Work request - Begin the copy at the line containing "The Mustard embroidered" in the data below and end it at the line containing "V patře se nachází", keeping each line exact and leaving out pictures.

Excerpted data -
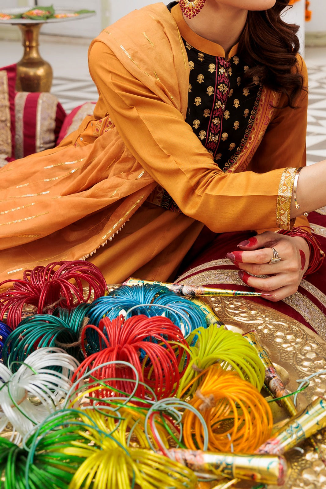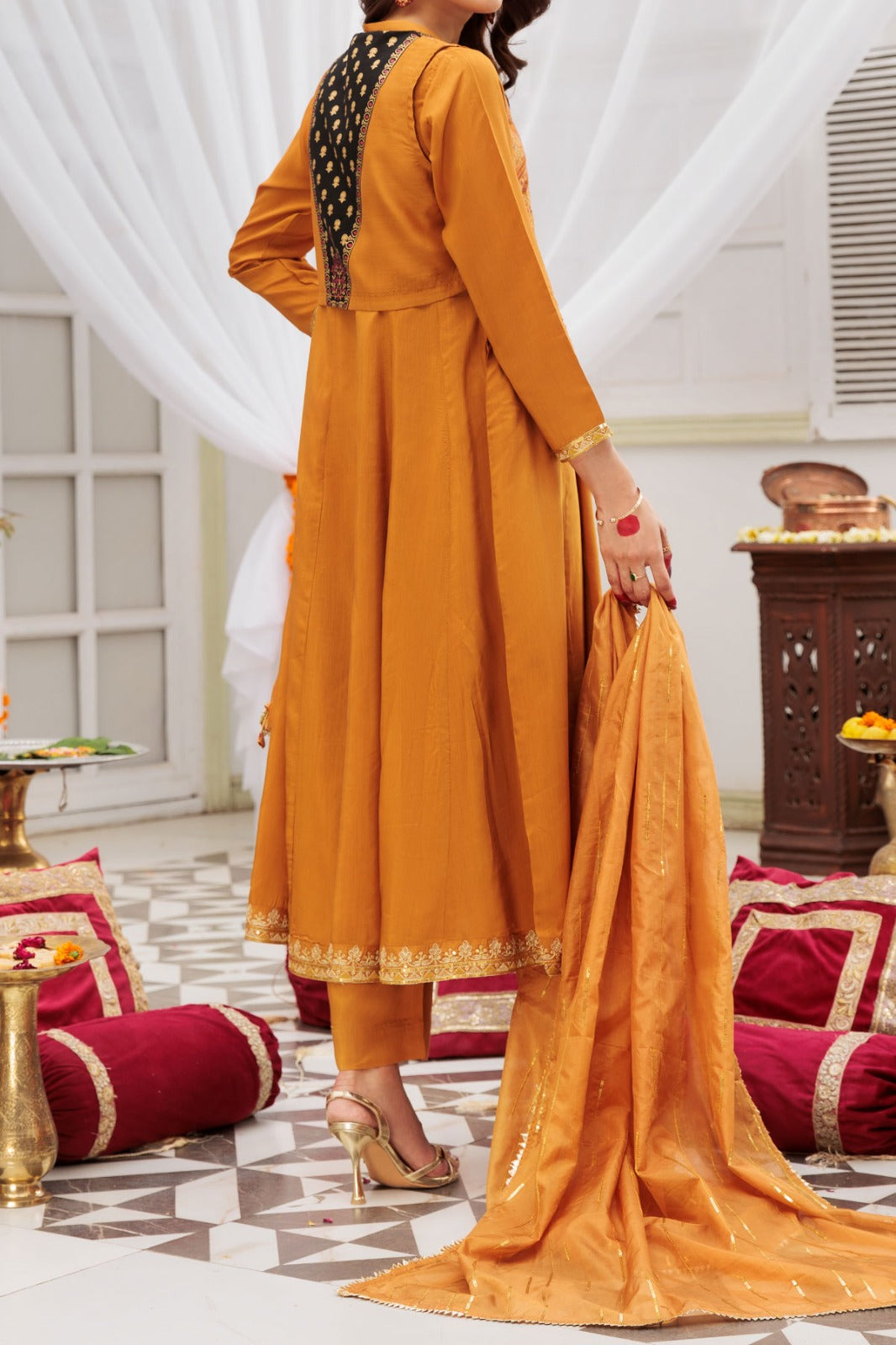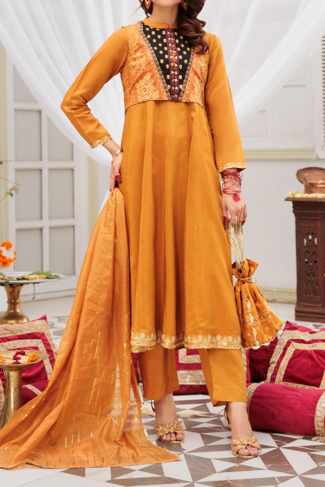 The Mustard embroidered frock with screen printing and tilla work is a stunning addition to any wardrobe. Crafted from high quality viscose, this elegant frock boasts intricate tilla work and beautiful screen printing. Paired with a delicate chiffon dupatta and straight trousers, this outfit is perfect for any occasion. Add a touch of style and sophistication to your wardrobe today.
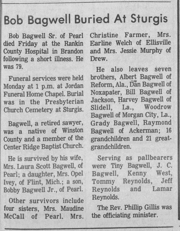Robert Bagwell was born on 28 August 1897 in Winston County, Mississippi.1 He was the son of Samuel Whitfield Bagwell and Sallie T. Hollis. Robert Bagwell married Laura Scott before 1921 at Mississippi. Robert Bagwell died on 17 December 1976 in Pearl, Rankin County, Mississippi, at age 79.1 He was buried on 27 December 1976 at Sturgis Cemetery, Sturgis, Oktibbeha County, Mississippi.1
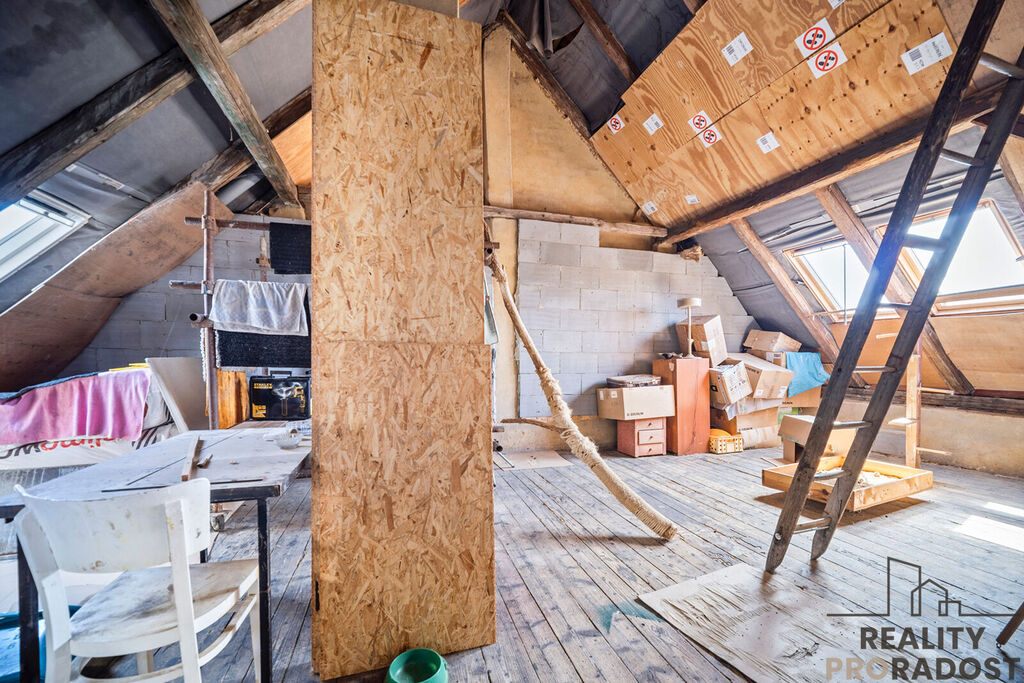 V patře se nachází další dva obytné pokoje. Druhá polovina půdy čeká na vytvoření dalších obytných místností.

==

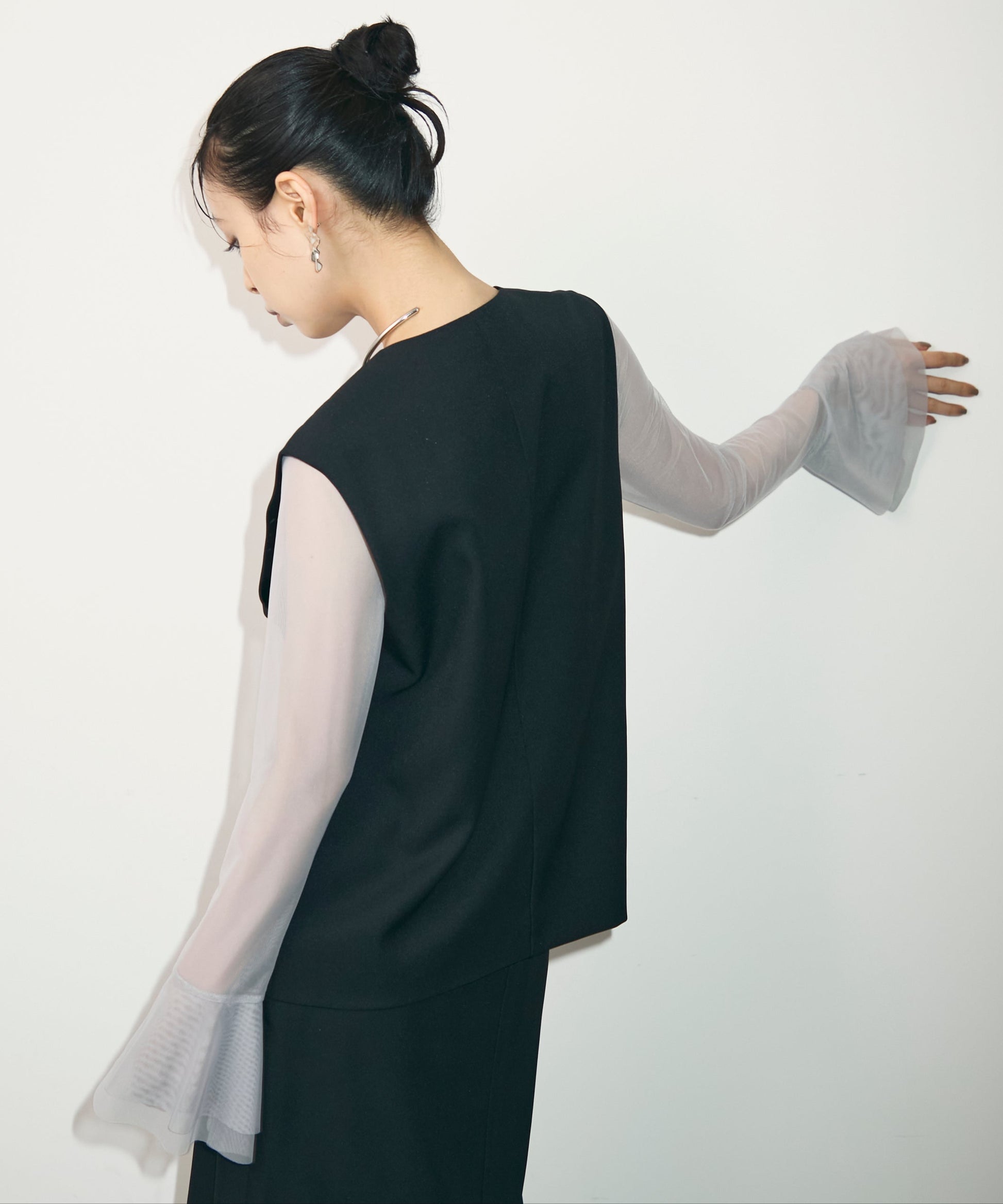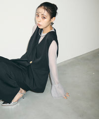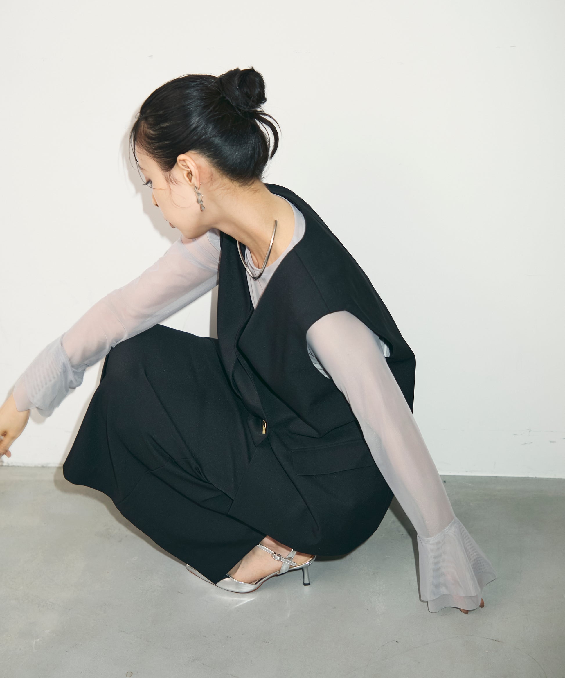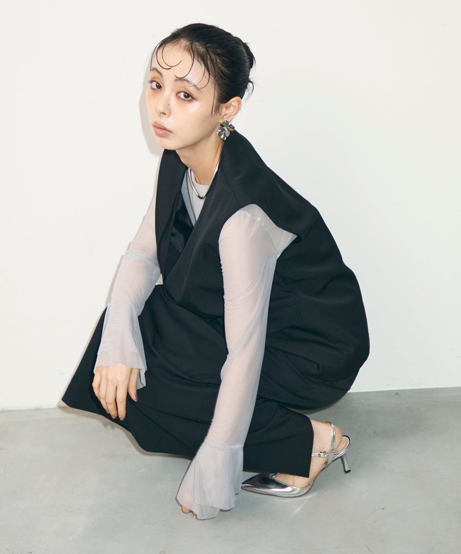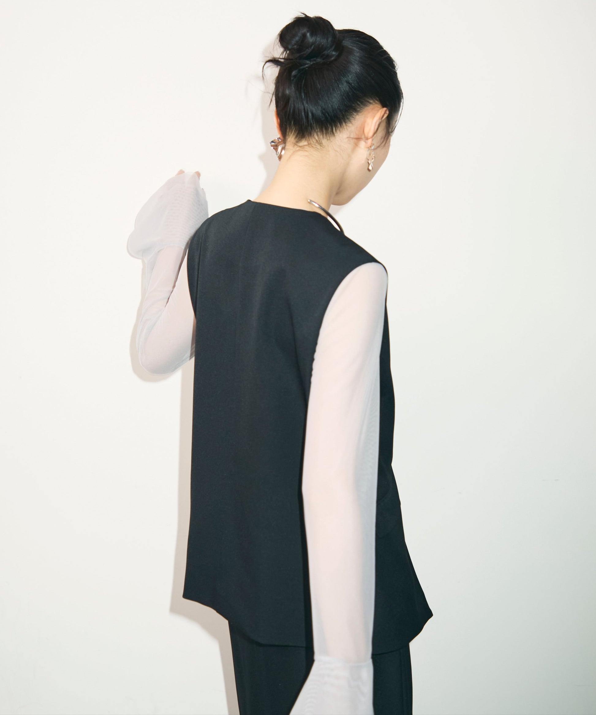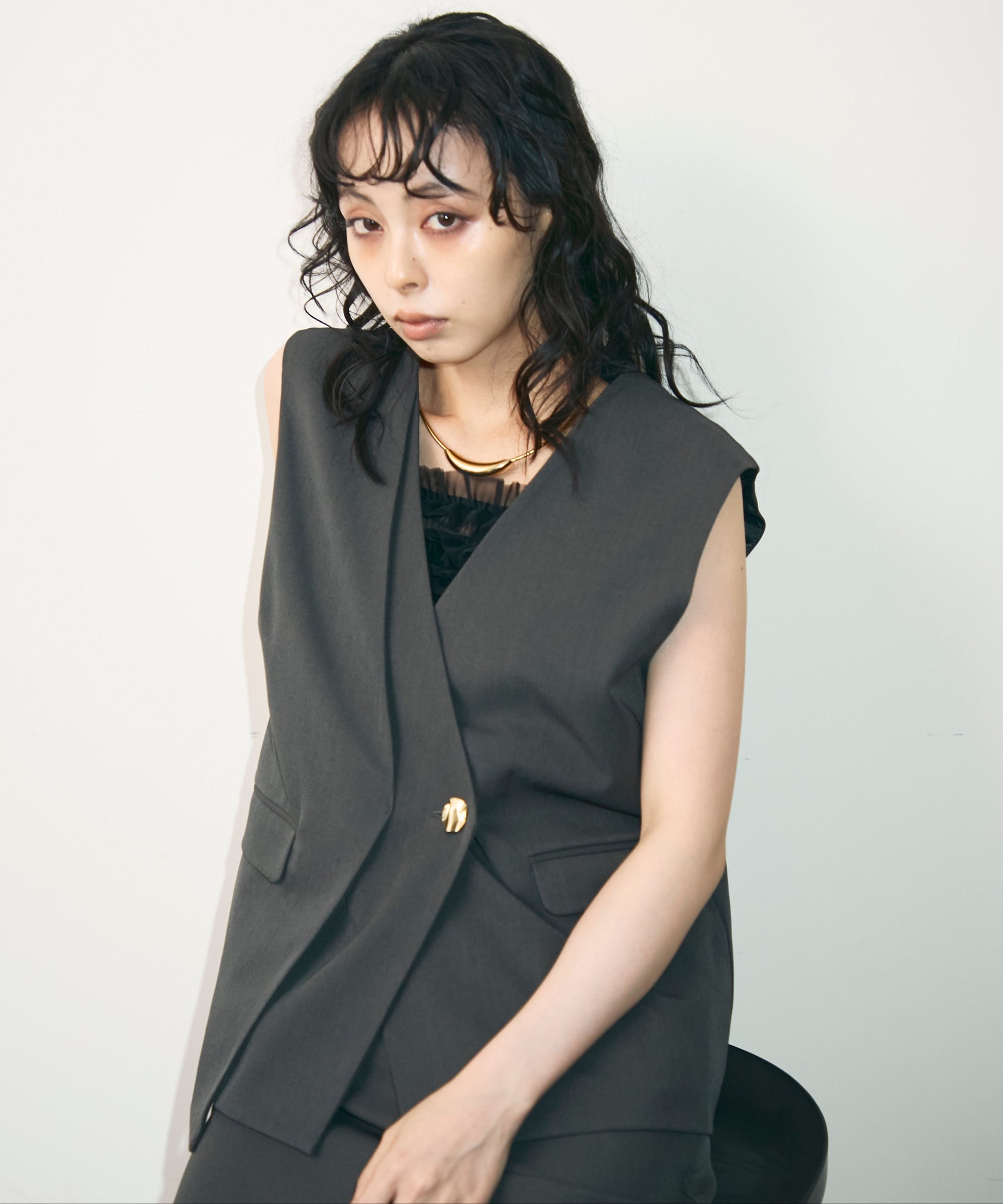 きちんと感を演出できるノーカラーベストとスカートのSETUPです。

The completed task -
 The Mustard embroidered frock with screen printing and tilla work is a stunning addition to any wardrobe. Crafted from high quality viscose, this elegant frock boasts intricate tilla work and beautiful screen printing. Paired with a delicate chiffon dupatta and straight trousers, this outfit is perfect for any occasion. Add a touch of style and sophistication to your wardrobe today.
Robert Bagwell was born on 28 August 1897 in Winston County, Mississippi.1 He was the son of Samuel Whitfield Bagwell and Sallie T. Hollis. Robert Bagwell married Laura Scott before 1921 at Mississippi. Robert Bagwell died on 17 December 1976 in Pearl, Rankin County, Mississippi, at age 79.1 He was buried on 27 December 1976 at Sturgis Cemetery, Sturgis, Oktibbeha County, Mississippi.1
 V patře se nachází další dva obytné pokoje. Druhá polovina půdy čeká na vytvoření dalších obytných místností.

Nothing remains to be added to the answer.